**Given data:**
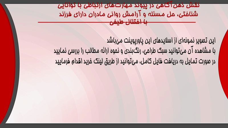 پاورپوینت کامل نقش ذهنآگاهی در پیوند مهارتهای ارتباطی با توانایی شناختی، حل مسئله و آرامش روانی مادران دارای فرزند با اختلال طیفی
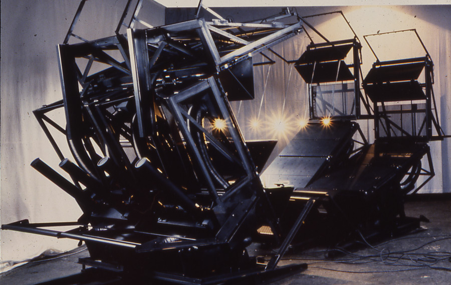 All this action is accomplished in the most low-tech manner, though, with bolts and thumbscrews. this keeps down the costs and increases convenience. These units, like the wall/ceiling modules, are also composed of a skin and a subframe. For both the fixture and the wall/ceiling unit, the frame is the universal element, while the skins can vary within certain dimensional constraints.
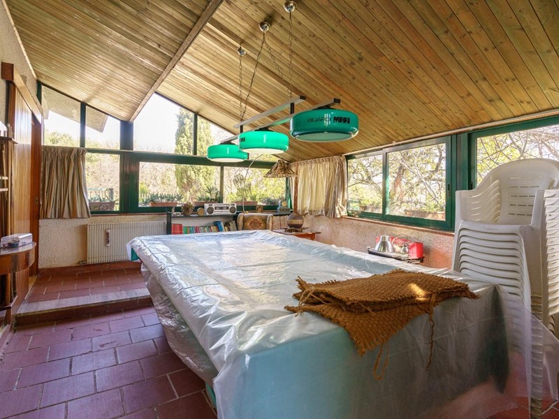 • Piano terra: ingresso su doppio salone con camino e accesso alla pergola esterna, disimpegno che conduce a una cucina spaziosa con zona lavanderia e dispensa, sala da pranzo con forno a legna, due studi, zona living con sala biliardo e due bagni.

**Task goal:** Word for word, return the material, omitting the pictures.

**Output below:**
 پاورپوینت کامل نقش ذهنآگاهی در پیوند مهارتهای ارتباطی با توانایی شناختی، حل مسئله و آرامش روانی مادران دارای فرزند با اختلال طیفی
 All this action is accomplished in the most low-tech manner, though, with bolts and thumbscrews. this keeps down the costs and increases convenience. These units, like the wall/ceiling modules, are also composed of a skin and a subframe. For both the fixture and the wall/ceiling unit, the frame is the universal element, while the skins can vary within certain dimensional constraints.
 • Piano terra: ingresso su doppio salone con camino e accesso alla pergola esterna, disimpegno che conduce a una cucina spaziosa con zona lavanderia e dispensa, sala da pranzo con forno a legna, due studi, zona living con sala biliardo e due bagni.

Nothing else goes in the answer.